Exclude the pictures, then restate exactly each line of the data below from the first through the line containing "Polo clásico de".

Stored items:
= Beginning of Section =

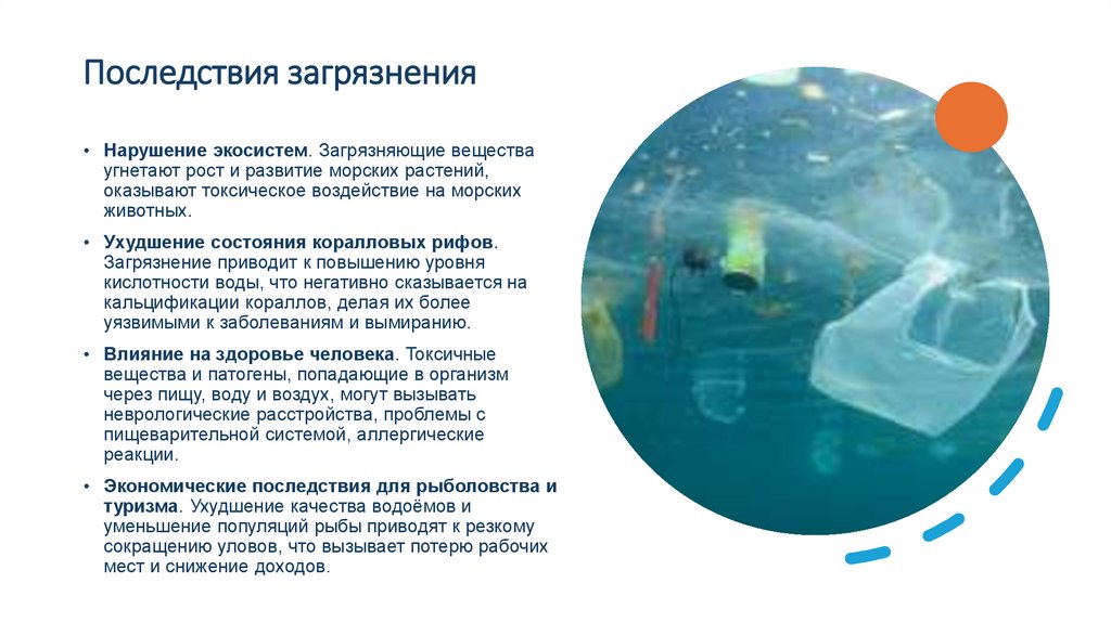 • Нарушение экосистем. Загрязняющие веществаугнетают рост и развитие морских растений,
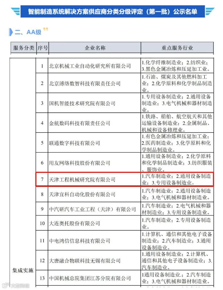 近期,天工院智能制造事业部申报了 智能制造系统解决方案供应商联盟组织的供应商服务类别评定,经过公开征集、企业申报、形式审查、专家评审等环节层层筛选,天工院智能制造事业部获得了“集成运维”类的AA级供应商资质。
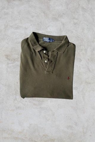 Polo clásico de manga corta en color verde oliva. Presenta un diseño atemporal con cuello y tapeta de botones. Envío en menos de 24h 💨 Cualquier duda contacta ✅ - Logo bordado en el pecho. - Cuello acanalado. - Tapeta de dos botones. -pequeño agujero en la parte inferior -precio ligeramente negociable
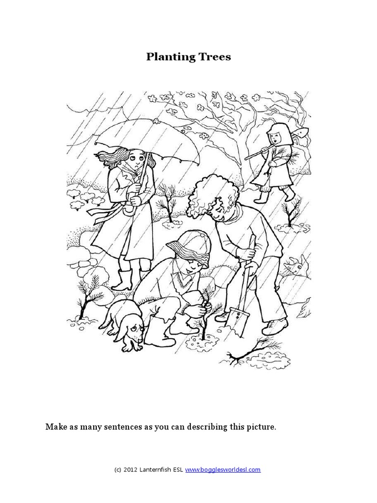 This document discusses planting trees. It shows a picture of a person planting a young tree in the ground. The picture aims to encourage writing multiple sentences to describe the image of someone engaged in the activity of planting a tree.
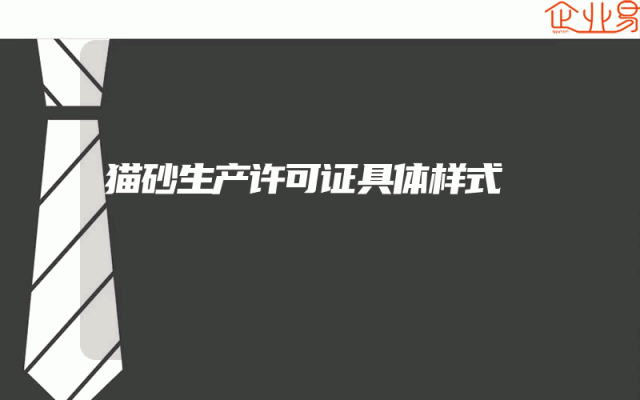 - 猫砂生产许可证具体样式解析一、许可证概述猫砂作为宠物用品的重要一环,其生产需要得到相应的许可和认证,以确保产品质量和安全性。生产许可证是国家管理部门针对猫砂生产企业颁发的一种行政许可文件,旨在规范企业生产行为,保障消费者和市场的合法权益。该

= End of Section =

**Task result:**
 • Нарушение экосистем. Загрязняющие веществаугнетают рост и развитие морских растений,
 近期,天工院智能制造事业部申报了 智能制造系统解决方案供应商联盟组织的供应商服务类别评定,经过公开征集、企业申报、形式审查、专家评审等环节层层筛选,天工院智能制造事业部获得了“集成运维”类的AA级供应商资质。
 Polo clásico de manga corta en color verde oliva. Presenta un diseño atemporal con cuello y tapeta de botones. Envío en menos de 24h 💨 Cualquier duda contacta ✅ - Logo bordado en el pecho. - Cuello acanalado. - Tapeta de dos botones. -pequeño agujero en la parte inferior -precio ligeramente negociable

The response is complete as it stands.